[…Part I…That Moment {I Found Out an Old Friend/Colleague Completed Suicide}]
…as I mentioned, suicide is a very personal subject for me, and has touched, entered and affected my life in more ways than I can or care to count. So this subjected post had to become a two-parter.
When I read my friend’s message that Ru had taken his life, I was a stunned – I was surprised to see a message at all from her really, we aren’t that close, especially since I moved to Florida. And for the news to be about him. And for it to be that kind of news.
Let’s take roll the tape back twenty or so years. And start my story where it really begins. It was 1998, in the late summer after I graduated high school, that my own mother died by taking her own life. That whole time period surrounding her death is a blur, I remember few specific details – I’m positive that’s my brain protecting itself from the trauma of it all. I have a specific memory of standing in the outer hallway of the funeral home, next to the sign in book, but all the other memories of the funeral are vague and slight. I specifically remember riding up to the burial site, behind the car my Grandmother was in, watching her golden hair swing as the car turned through the curvy back roads. And seemingly most painful of the reality bites moments at the time, I remember my two high school best friends, sitting on my bed, telling me, quite emotionlessly that they were sorry but there was nothing they could do for me because they were about to leave for college [in state, within 30 miles away, mind you], and goodbye.
Obviously my mother’s suicide is a trauma in my life that has changed the way I am and who I am. I always say goodbye. I always say I love you. I’m sensitive, shy, keep many things and emotions to myself. Everything we experience in life changes us in some way, minuscule or gigantic.

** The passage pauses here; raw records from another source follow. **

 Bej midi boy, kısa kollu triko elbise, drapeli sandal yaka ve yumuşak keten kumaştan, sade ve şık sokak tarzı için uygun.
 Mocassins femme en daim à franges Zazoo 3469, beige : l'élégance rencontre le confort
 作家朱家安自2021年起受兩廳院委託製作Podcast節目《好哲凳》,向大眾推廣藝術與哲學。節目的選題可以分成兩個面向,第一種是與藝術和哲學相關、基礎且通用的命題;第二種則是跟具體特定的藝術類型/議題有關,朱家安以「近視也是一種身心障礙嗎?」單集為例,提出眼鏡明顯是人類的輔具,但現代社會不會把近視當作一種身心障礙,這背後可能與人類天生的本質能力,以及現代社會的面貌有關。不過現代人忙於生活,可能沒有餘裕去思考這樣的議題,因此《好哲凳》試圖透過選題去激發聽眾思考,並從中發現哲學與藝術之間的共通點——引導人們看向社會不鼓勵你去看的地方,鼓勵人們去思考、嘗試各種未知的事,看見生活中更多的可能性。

Shortly thereafter my mother’s suicide, in the winter of 1999, a best friend and someone who I also dated, Marc, jumped off the Bay Bridge. We volunteered at the Maryland City firehouse together in Anne Arundel County. That same jurisdiction had men searching the cold Chesapeake Bay waters for his body for days and never found him. This time too, seems to be a blur, but I do remember walking into the Memorial Services, in this huge church, and it was packed with firemen, dressed in their blues, it was hundreds of people.
I was heartbroken, I lost another best friend. Different terms, but again, how could I not see? I was a mere 19 this time, still naive as could be, especially because between my mother’s death and Marc’s death, I pretended like everything was ok, that nothing bothered me, that life was good. Maybe this was part of being naive, maybe this was a strange part of grieving. But I definitely still didn’t understand how complex suicidal behavior and mental health issues were. I had always thought Marc was depressed, but looking back now and understanding so much more, I think he had a personality disorder, probably one of the Cluster B disorders.

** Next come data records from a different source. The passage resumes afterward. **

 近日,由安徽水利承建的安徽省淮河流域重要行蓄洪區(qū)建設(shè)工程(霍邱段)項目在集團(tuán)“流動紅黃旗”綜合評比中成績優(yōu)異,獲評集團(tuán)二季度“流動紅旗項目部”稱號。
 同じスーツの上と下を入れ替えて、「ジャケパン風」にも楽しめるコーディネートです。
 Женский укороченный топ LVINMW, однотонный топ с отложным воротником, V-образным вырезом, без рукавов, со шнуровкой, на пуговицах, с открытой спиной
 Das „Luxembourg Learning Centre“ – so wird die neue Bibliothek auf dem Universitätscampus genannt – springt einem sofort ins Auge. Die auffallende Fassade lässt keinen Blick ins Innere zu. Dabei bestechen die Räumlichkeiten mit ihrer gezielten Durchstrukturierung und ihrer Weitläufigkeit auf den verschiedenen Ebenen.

And lastly, because of many traumas, struggles, and my own depression, I too have attempted suicide. So I personally understand the hopelessness my lost loved ones felt in those last moments. In a way that makes a little easier, but in reality, it makes losing so many to suicide so much worse and more painful.
I share my story because I want others to know that if you feel depressed, if you’re struggling, you’re not alone. And it’s ok to reach out for help. PLEASE reach out for help. Call a friend. Call a family member. If you can’t any of them, call 911, they will help you. I have also listed some resources below that are helpful if you are in need. But please, don’t give up. It’s always darkest just before sunrise.
National Suicidal Prevention Hotline – The National Suicide Prevention Lifeline is a United States-based suicide prevention network of 161 crisis centers that provides a 24/7, toll-free hotline available to anyone in suicidal crisis or emotional distress.
American Foundation for Suicide Prevention – The American Foundation for Suicide Prevention is a voluntary health organization established in 1987. It funds research, runs educational programs, advocates for public policies in mental health and suicide prevention, and supports survivors of suicide loss.